Series C Post Conversion Dividend Rights

As previously discussed in Note 6, upon a conversion of shares of Series C to shares of common stock, the Company will be required to record a liability and the related expense during the period of conversion. In July 2011, 5 shares of Series C were converted into 8,334 shares of common stock and 5 Dividend Rights were issued. Per the terms of the Series C, these Dividend Rights shall continue to participate in dividends, however the dividend will only be paid based on sales of GM-CT-01 and will not participate in the 6% dividend. At December 31, 2011, these Dividend Rights were determined to have a de minimis value, as the payment of a dividend (other than the 6% dividend) is considered improbable at this time. The Company will continue to evaluate and assess the Series C Post Conversion Dividend Right for each reporting period.

Legal Proceedings

Other than claims and legal proceedings that arise from time to time in the ordinary course of business which are not material, the Company has no pending legal proceedings except as follows:

In January 2003, Custom Equity Research, Incorporated (d/b/a Summer Street Research Partners) filed a lawsuit against the Company alleging breach of contract, among other claims, based on an engagement letter in which Summer Street agreed to provide investment services to us.

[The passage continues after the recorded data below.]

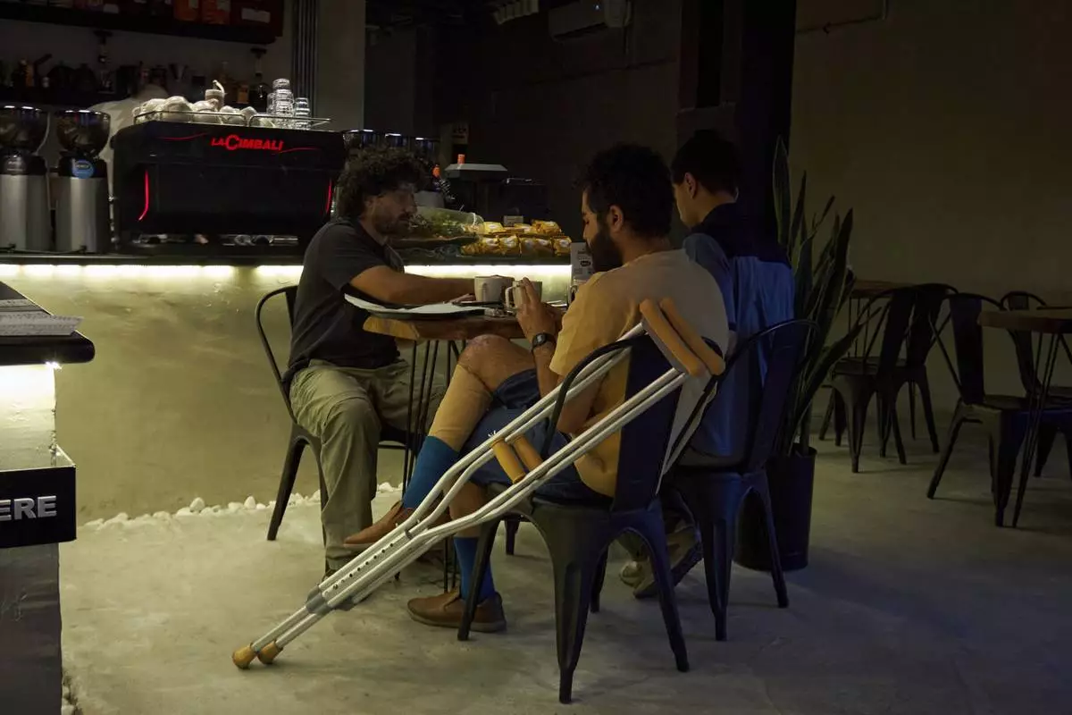 Three young men gather in one of the few cafés that stayed open during the war as the thuds of defense missiles echo outside in Tehran, Iran, Wednesday, June 18, 2025. (AP Photo)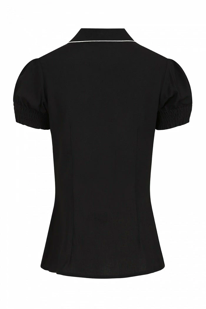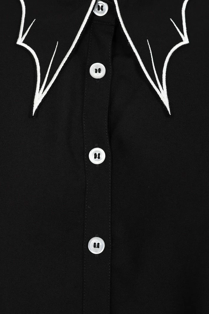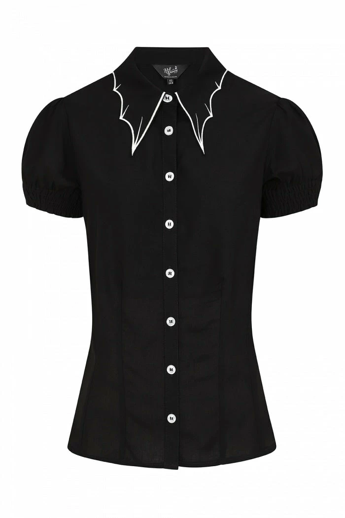 Stunning black blouse with bat wing collar from Hell Bunny in a glamorous semi fitted style. This gorgeous button up shirt features white contrast embroidery and short puff sleeves with elasticated edginn. The buttons are white contrast and the blouse looks awesome dressed up or down!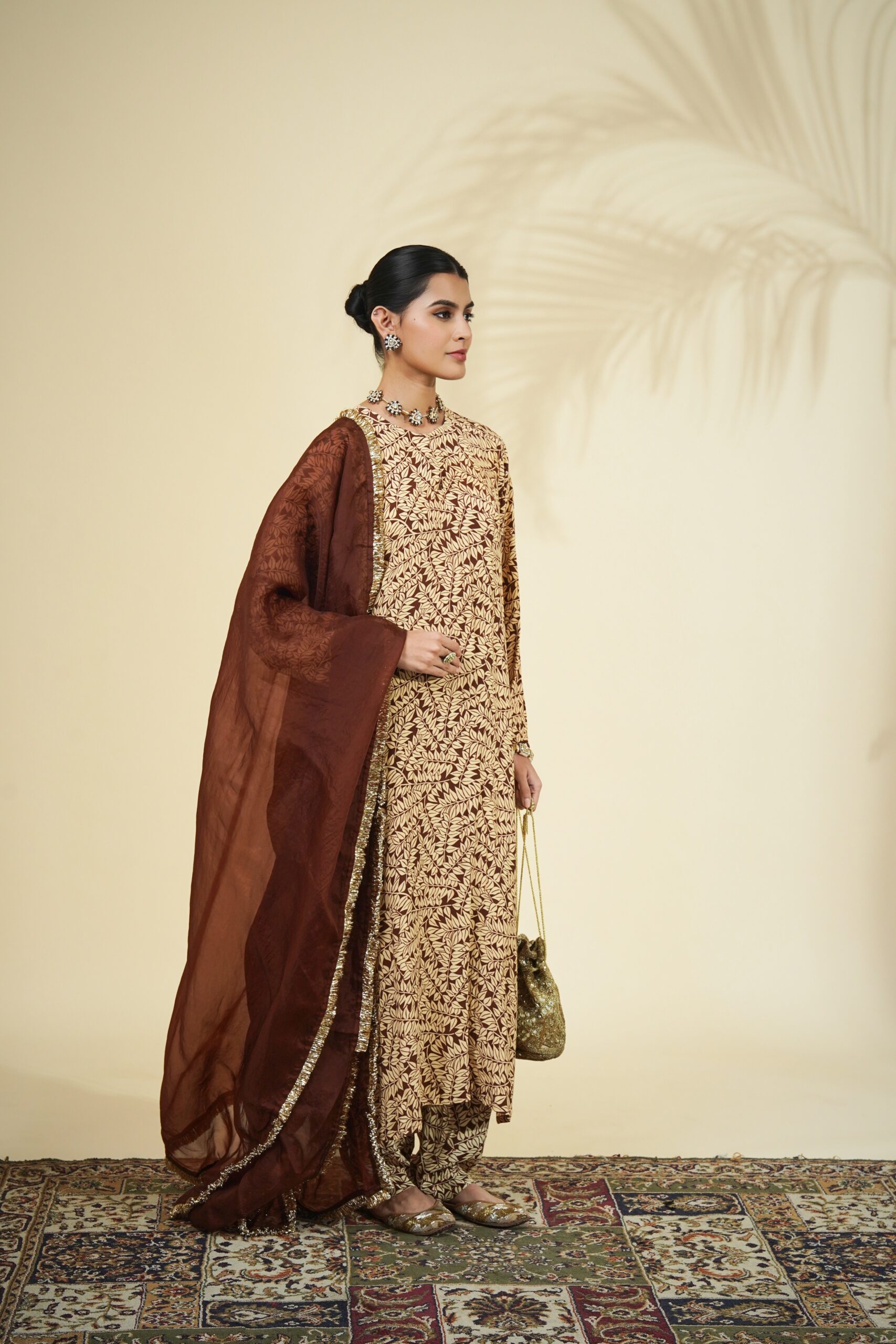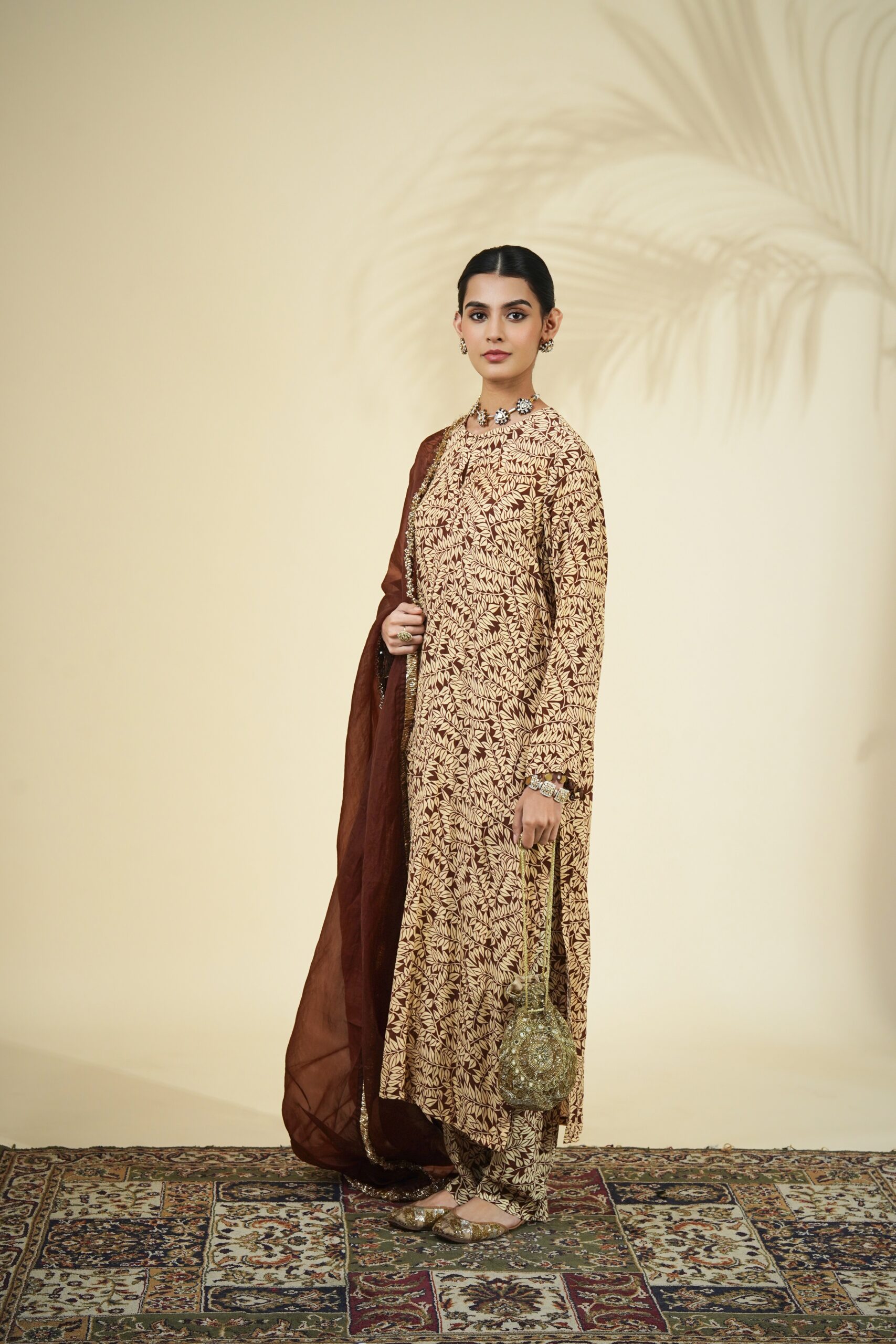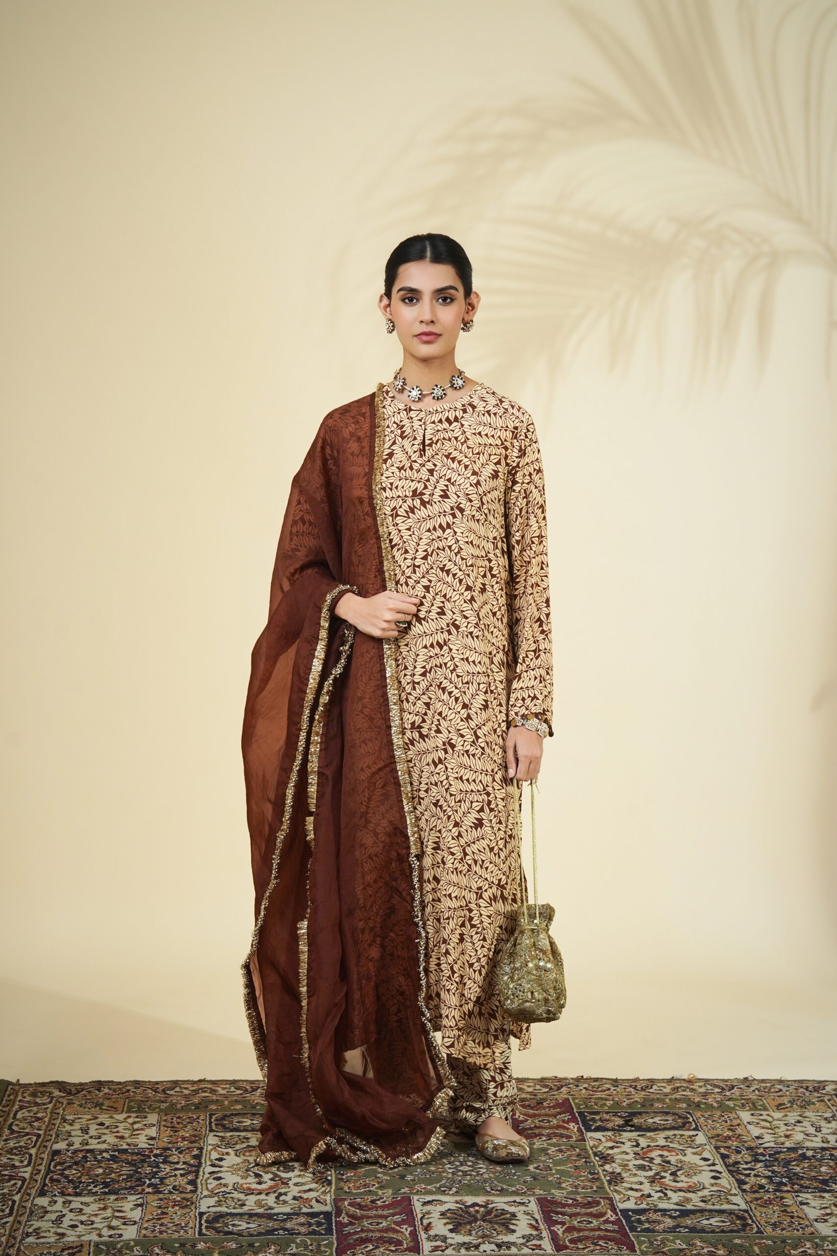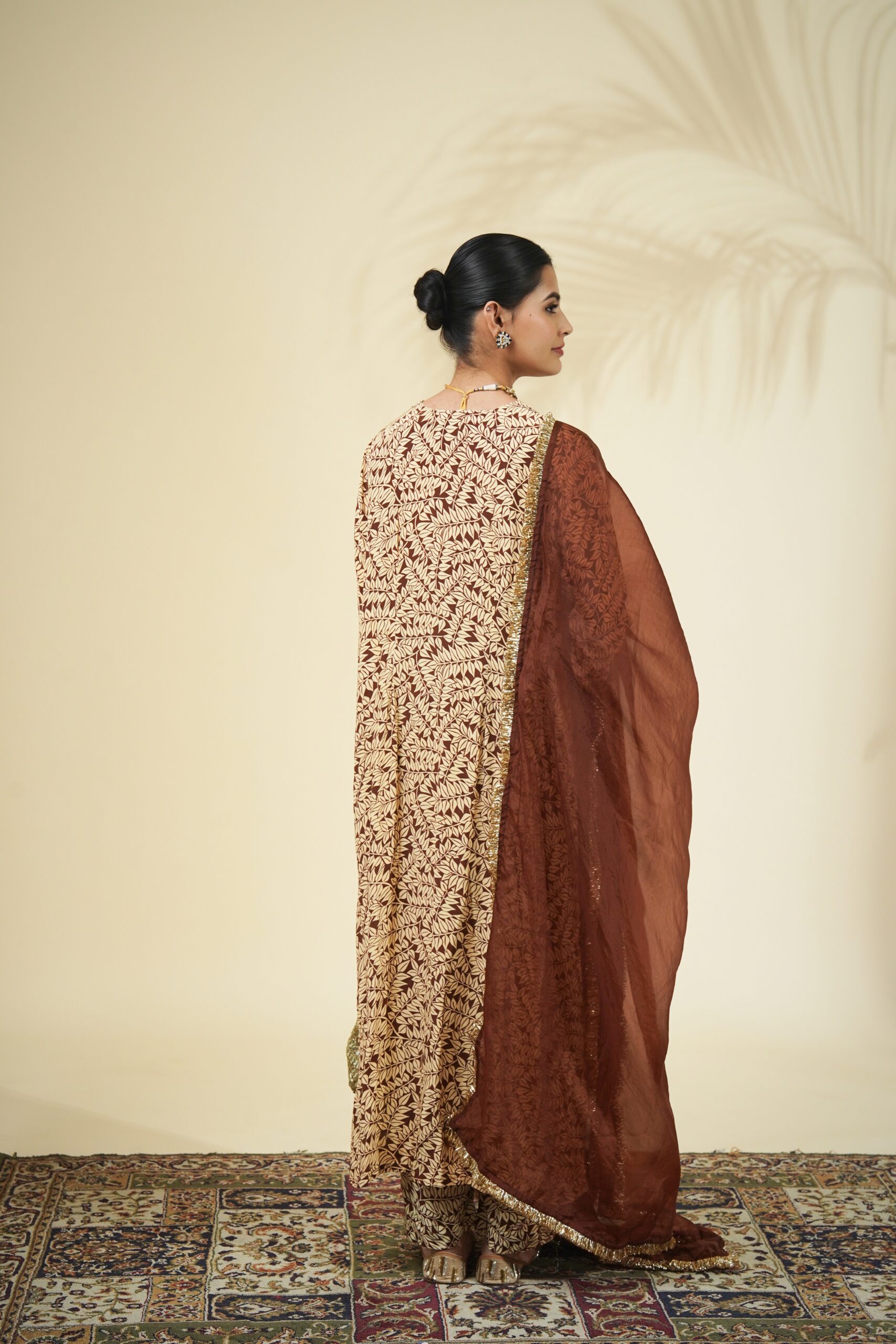 Brown fire print kurta & pant set paired with a solid brown organza dupatta.

The Company denied the claims and believed they were without merit. In January 2011, the Company learned that Maxim Group, which the Company had previously engaged as a placement agent, had been named respondent in an arbitration matter with the Financial Industry Regulatory Authority (FINRA) initiated by Summer Street, for which the Company was obligated to indemnify Maxim Group. After consideration of the continued costs of litigation, the Company settled both matters in 2011 for an amount that is not material to the Company’s consolidated balance sheet or its cash position.

From time to time, the Company is exposed to litigation relating to its operations. The Company is not currently engaged in any legal proceedings that are expected, individually or in the aggregate, to have a material, adverse affect on its financial condition or results of operations.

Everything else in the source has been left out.